Task directions. Copy every record exactly, and keep the pictures out.

------ Dataset content

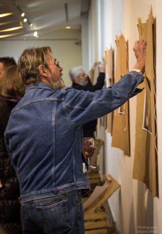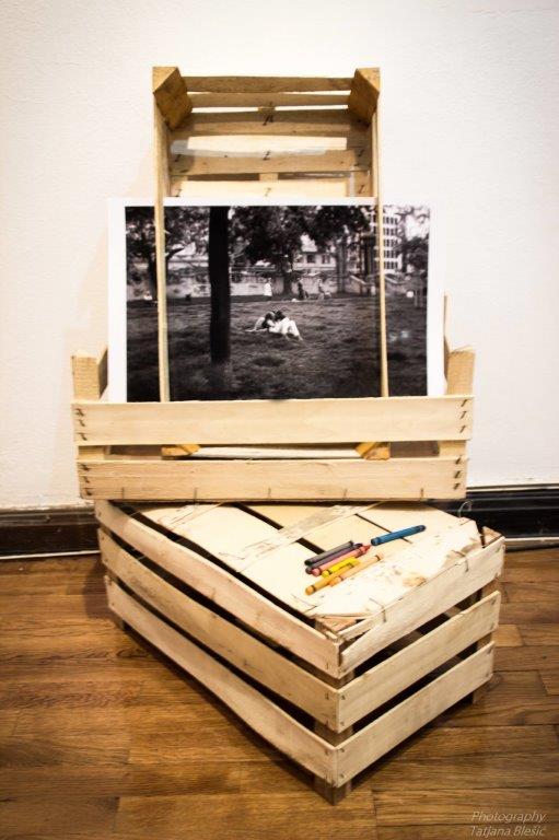 I… da čovek ne poveruje, niko od njih nije buljio u mobilne telefone, niti pravio selfije. Valjda ih je, a ponavljam da su bili fini i normalni, bilo sramota da to čine pored crno-belih fotografija sa pričama koje su toliko živopisne da bi im boja, zapravo, bila samo višak. Kao što bi uz njih bio preteran i svaki drugi koncept osim ovog, minimalističkog, sa fotkama nehajno nalepljenim na pak-papir ili postavljenim u drvene gajbice na podu galerije. Jer… kako uopšte ulepšati ljubav. Možda samo uz vino, koje je donelo dodir urbane boemije u ovaj jedinstveni beogradski galerijski prostor.
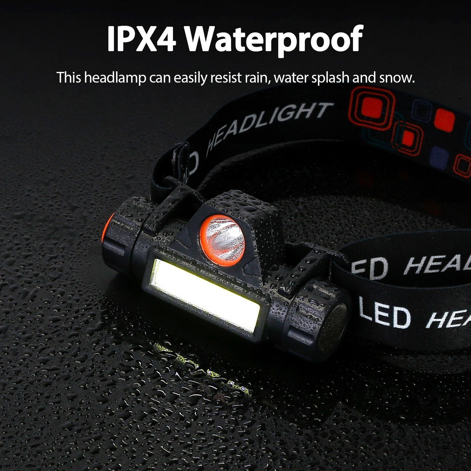 *IPX4 Waterproof Outdoor Headlight*:Reaching IPX4 waterproof rate; this headlamp can be used outdoors on rainy or snowy days. Suitable for camping; night running; hiking; and etc..
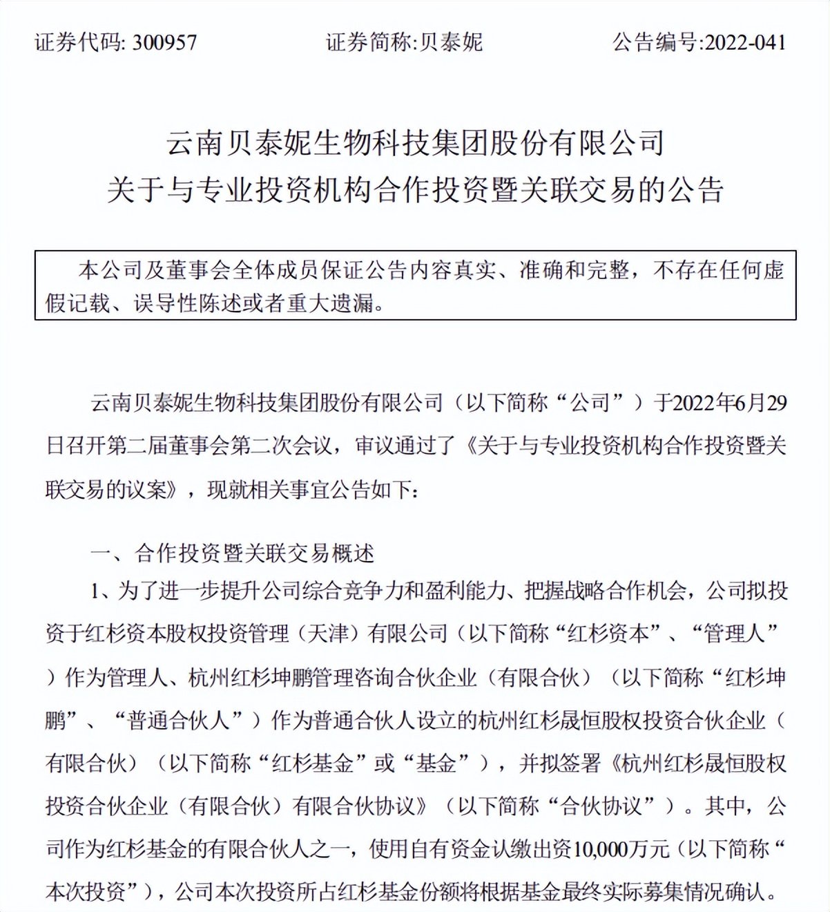 除了开启多品牌矩阵,6月30日,贝泰妮还发布公告称,为了把握战略合作机会拓展业务发展空间,完善整体布局,提升公司综合竞争力和盈利能力,公司拟投入1亿元投资在美妆领域有着多年投资经验的红杉资本。对于贝泰妮,投资红杉基金无疑是其快速涉猎更多美妆细分赛道的一道桥梁。但公司未来还能否继续打造出与薇诺娜旗鼓相当的品牌,还需时间和市场的检验。
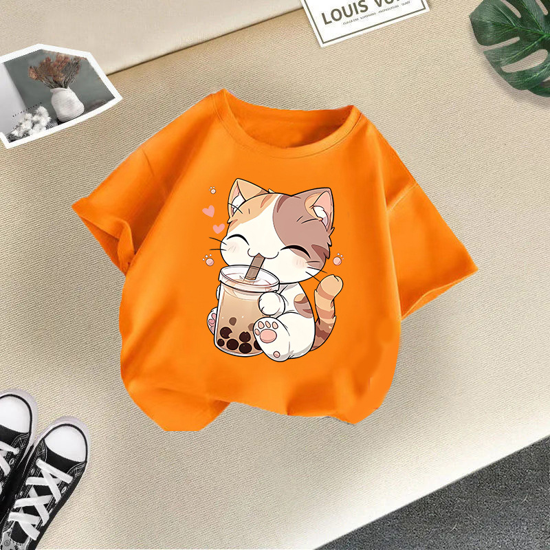 • 밀크티를 마시는 오렌지색 고양이 반팔
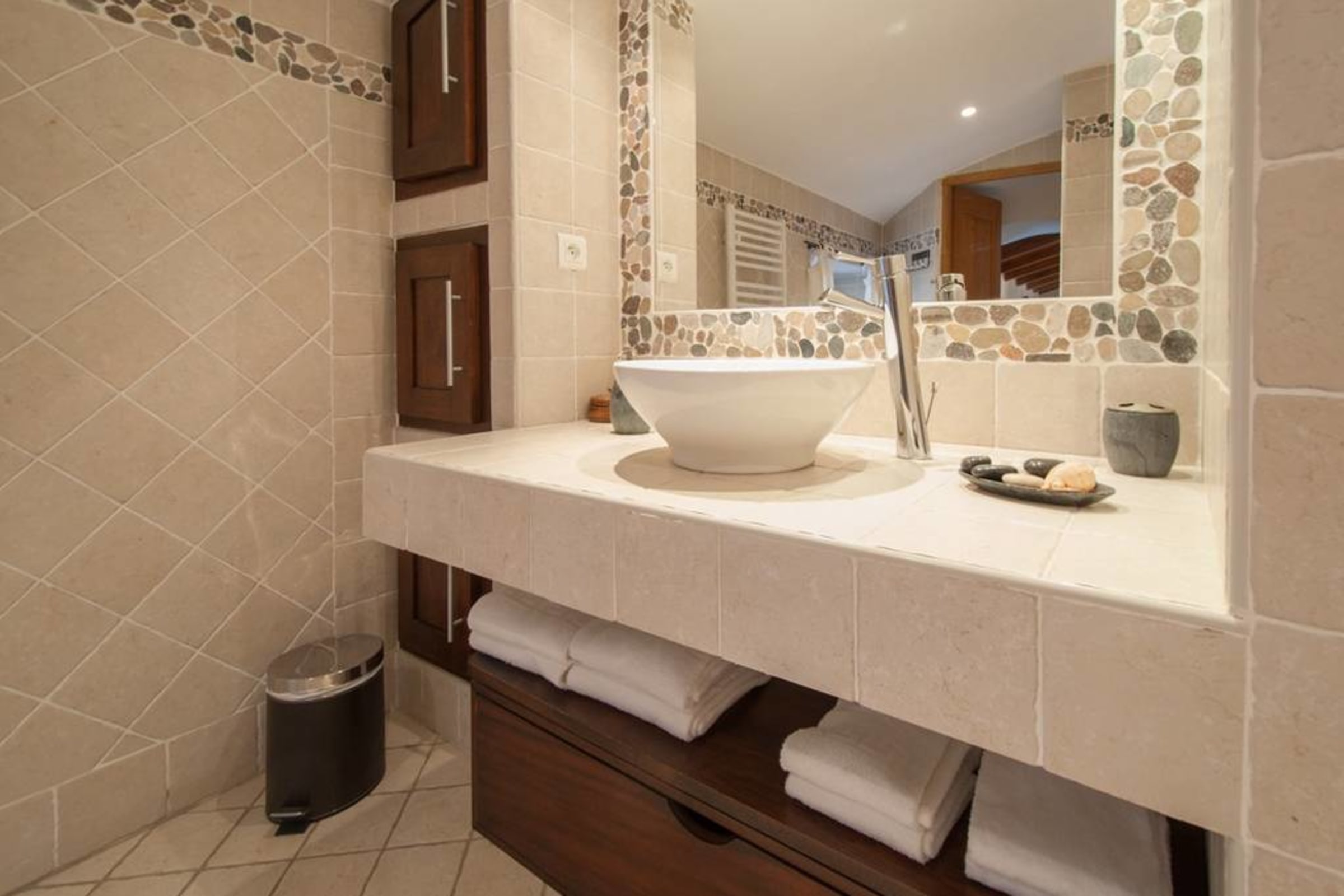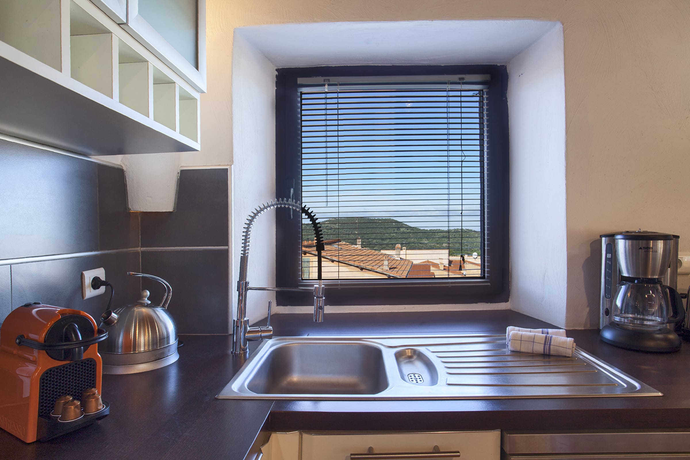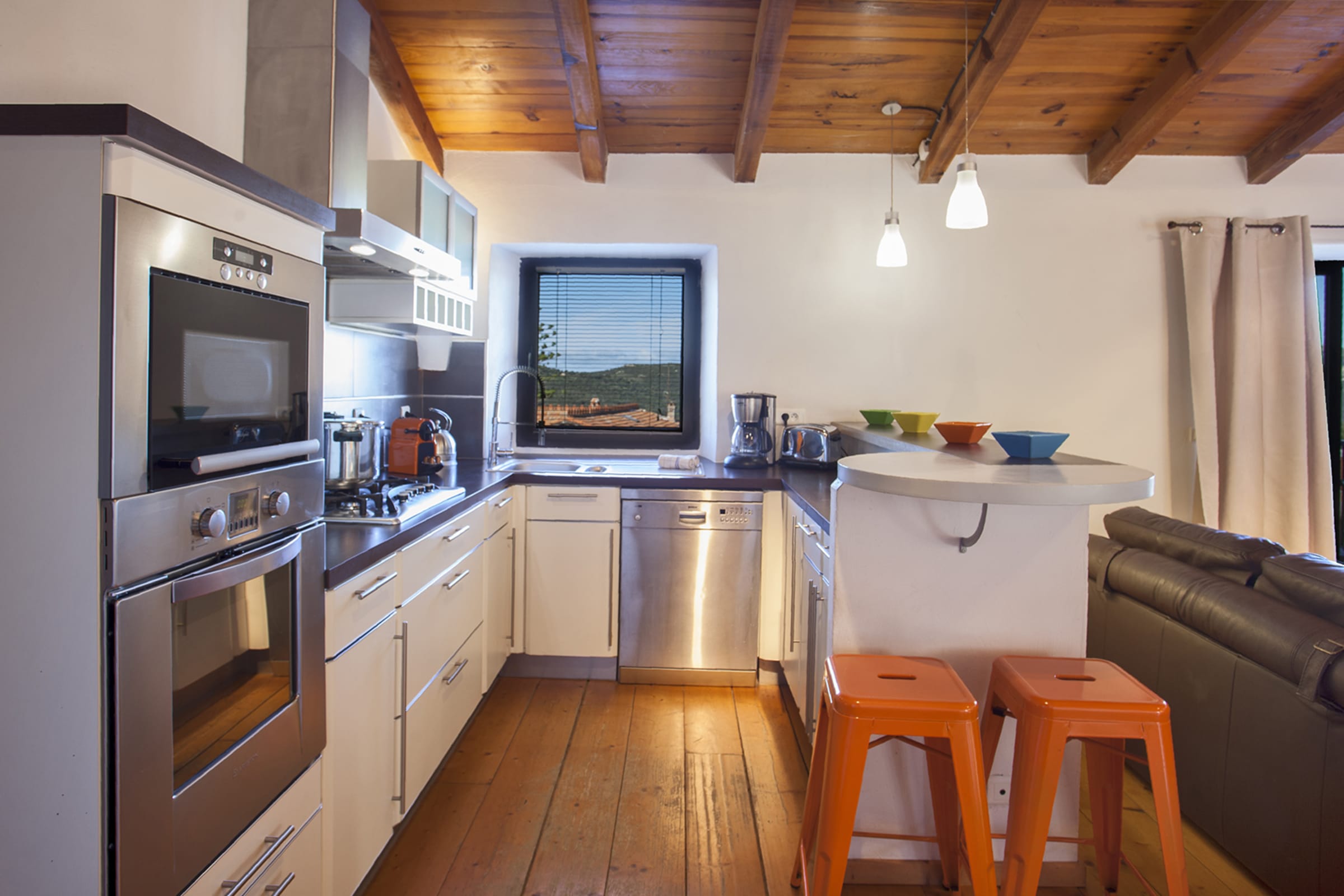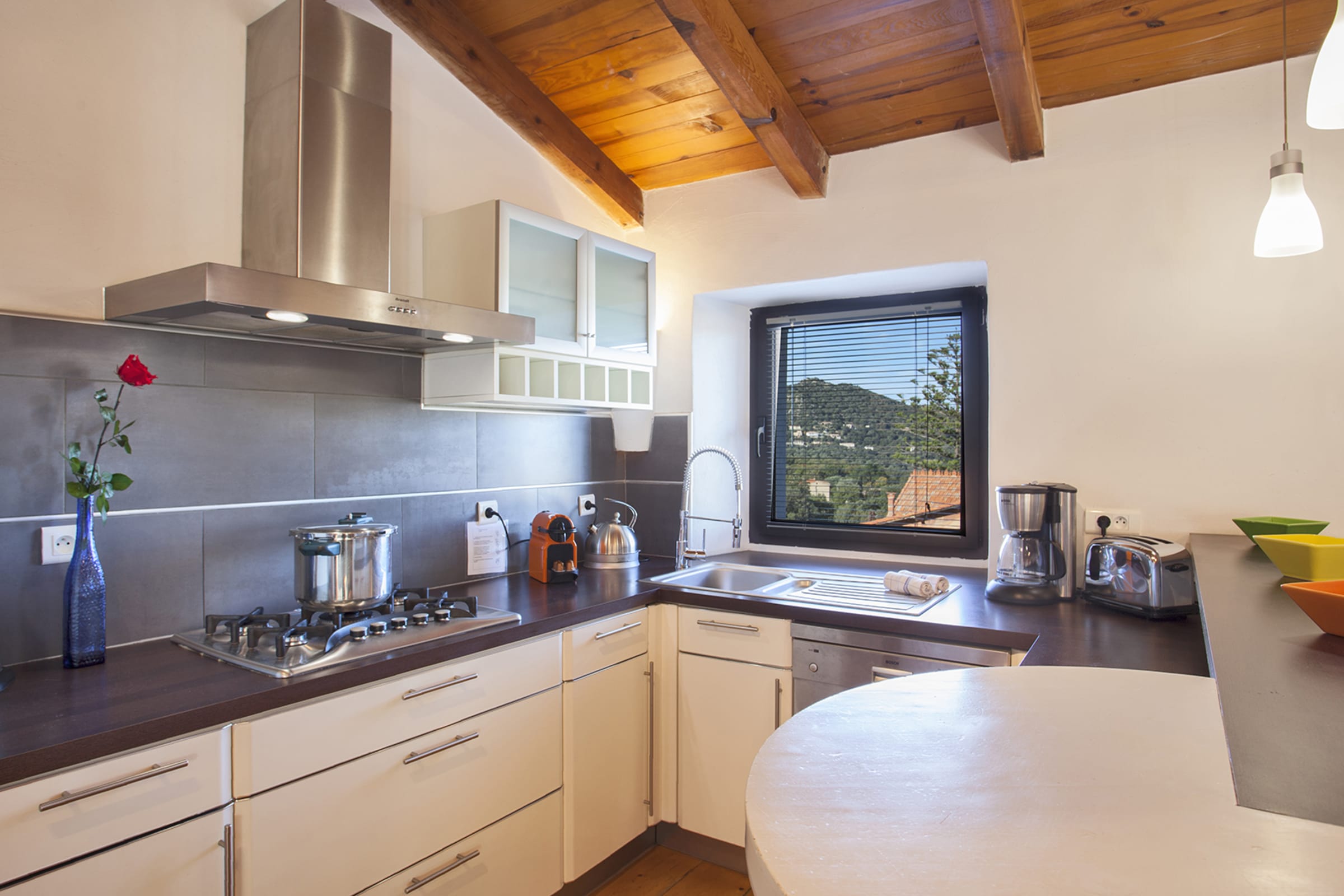 The kitchen equipment is very complete: washing vaisseille, fires plate gas, large freezer, large fridge, oven, microwave, kettle, toaster, coffee maker, plenty of cookware, grocery bottom (salt, pepper, oil, 2 tea towels, dishwashing liquid, dishwasher pods).
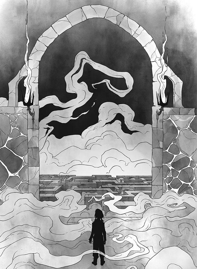 Это была окраина Лабиринта, его рваные края, в которые проникали людские сны. Вдали виднелась громадная арка в каменной стене, ведущая вглубь Лабиринта. Она походила на темную пасть, готовую сожрать тебя целиком.
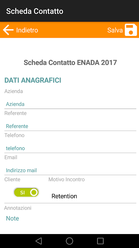 Ta aplikacja pozwala na zapis informacji o kontaktach biznesowych z klientami na imprezach lub targach.
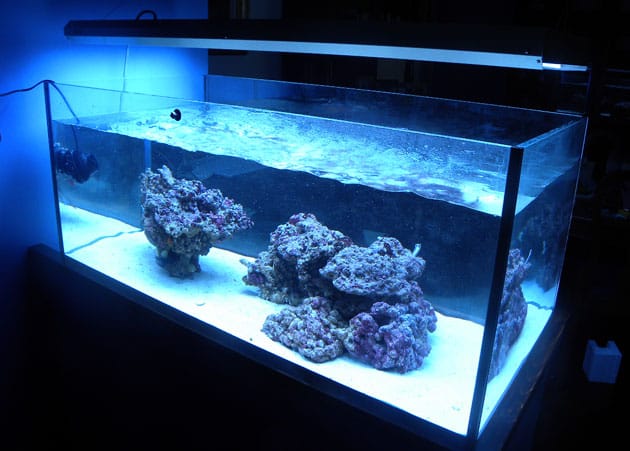Per illuminare uso una plafoniera dell’ATI, la SunPower 8x54w, con 2 BluPlus e 6 Special. Come movimento 2 pompe tunze da 6000lh sempre accese.. sostanzialmente un “berlinese ringiovanito” .
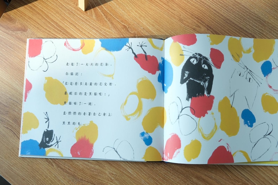 But when two cats walked into a sea of colorful flowers, black became most eye-catching. We have been measured by appearances, grades, money, abilities, etc. since we were young. We often forget what the "black" unpleasant things. These things are actually unique to us all. When there is darkness, we see light. We need each other and learn to be each other's needs.
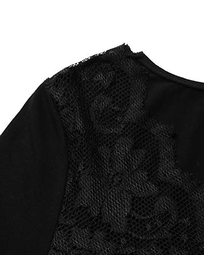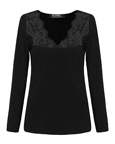 YOINS Camicette Donna Manica Lunga Maglia Pizzo Crop Magliette XXL, Nero
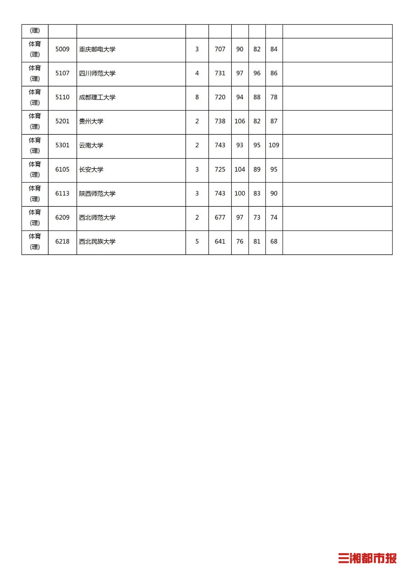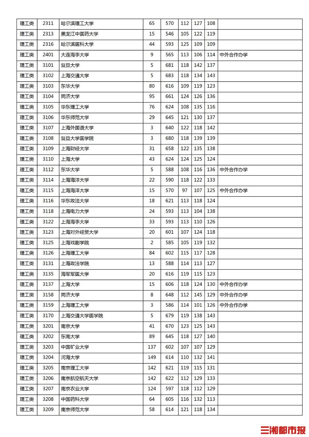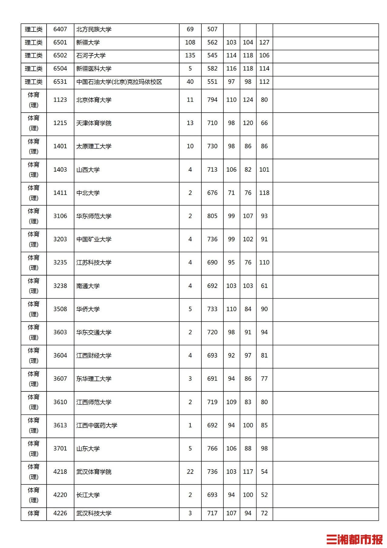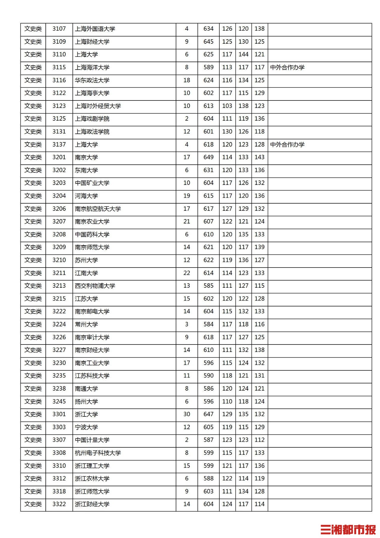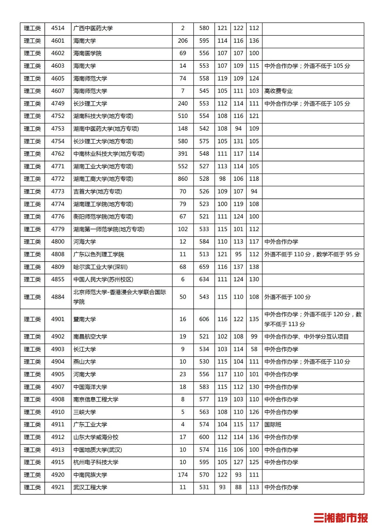 省内高校中,位列文科前五位的高校分别是:湖南大学628分,中南大学627分,湖南师范大学608分,湘潭大学594分,长沙理工大学592分;理科前五位的高校分别是:国防科技大学642分,中南大学636分,湖南大学628分,湖南师范大学606分,长沙理工大学579分。
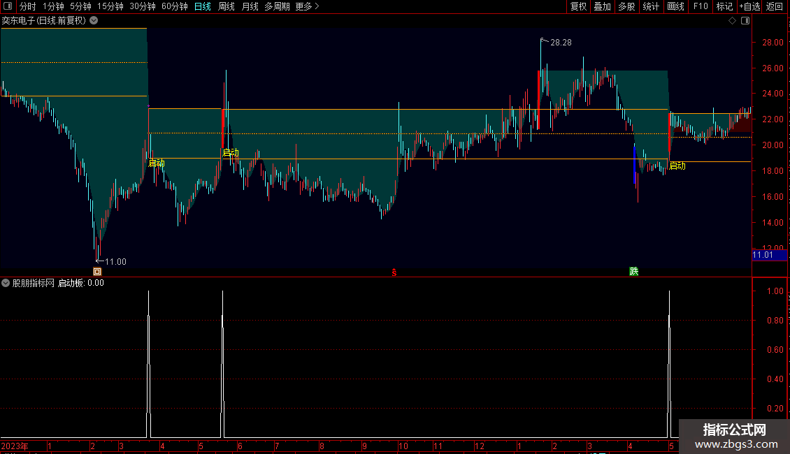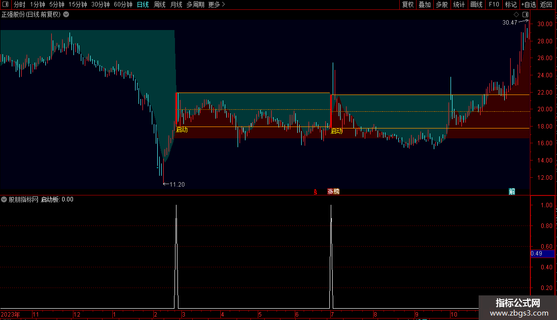 启动板:FILTER(MAXBYH<REF(MAXBYH,1) AND C>REF(L,1),5);
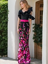 Why Choose Mermaid / TrumpetBlack Evening Gown Elegant Dress Semi Formal Wedding Floor Length Sleeveless One Shoulder Satin with Ruffles Floral Embroidered Lace?

------------

Task answer.
 I… da čovek ne poveruje, niko od njih nije buljio u mobilne telefone, niti pravio selfije. Valjda ih je, a ponavljam da su bili fini i normalni, bilo sramota da to čine pored crno-belih fotografija sa pričama koje su toliko živopisne da bi im boja, zapravo, bila samo višak. Kao što bi uz njih bio preteran i svaki drugi koncept osim ovog, minimalističkog, sa fotkama nehajno nalepljenim na pak-papir ili postavljenim u drvene gajbice na podu galerije. Jer… kako uopšte ulepšati ljubav. Možda samo uz vino, koje je donelo dodir urbane boemije u ovaj jedinstveni beogradski galerijski prostor.
 *IPX4 Waterproof Outdoor Headlight*:Reaching IPX4 waterproof rate; this headlamp can be used outdoors on rainy or snowy days. Suitable for camping; night running; hiking; and etc..
 除了开启多品牌矩阵,6月30日,贝泰妮还发布公告称,为了把握战略合作机会拓展业务发展空间,完善整体布局,提升公司综合竞争力和盈利能力,公司拟投入1亿元投资在美妆领域有着多年投资经验的红杉资本。对于贝泰妮,投资红杉基金无疑是其快速涉猎更多美妆细分赛道的一道桥梁。但公司未来还能否继续打造出与薇诺娜旗鼓相当的品牌,还需时间和市场的检验。
 • 밀크티를 마시는 오렌지색 고양이 반팔
 The kitchen equipment is very complete: washing vaisseille, fires plate gas, large freezer, large fridge, oven, microwave, kettle, toaster, coffee maker, plenty of cookware, grocery bottom (salt, pepper, oil, 2 tea towels, dishwashing liquid, dishwasher pods).
 Это была окраина Лабиринта, его рваные края, в которые проникали людские сны. Вдали виднелась громадная арка в каменной стене, ведущая вглубь Лабиринта. Она походила на темную пасть, готовую сожрать тебя целиком.
 Ta aplikacja pozwala na zapis informacji o kontaktach biznesowych z klientami na imprezach lub targach.
Per illuminare uso una plafoniera dell’ATI, la SunPower 8x54w, con 2 BluPlus e 6 Special. Come movimento 2 pompe tunze da 6000lh sempre accese.. sostanzialmente un “berlinese ringiovanito” .
 But when two cats walked into a sea of colorful flowers, black became most eye-catching. We have been measured by appearances, grades, money, abilities, etc. since we were young. We often forget what the "black" unpleasant things. These things are actually unique to us all. When there is darkness, we see light. We need each other and learn to be each other's needs.
 YOINS Camicette Donna Manica Lunga Maglia Pizzo Crop Magliette XXL, Nero
 省内高校中,位列文科前五位的高校分别是:湖南大学628分,中南大学627分,湖南师范大学608分,湘潭大学594分,长沙理工大学592分;理科前五位的高校分别是:国防科技大学642分,中南大学636分,湖南大学628分,湖南师范大学606分,长沙理工大学579分。
 启动板:FILTER(MAXBYH<REF(MAXBYH,1) AND C>REF(L,1),5);
 Why Choose Mermaid / TrumpetBlack Evening Gown Elegant Dress Semi Formal Wedding Floor Length Sleeveless One Shoulder Satin with Ruffles Floral Embroidered Lace?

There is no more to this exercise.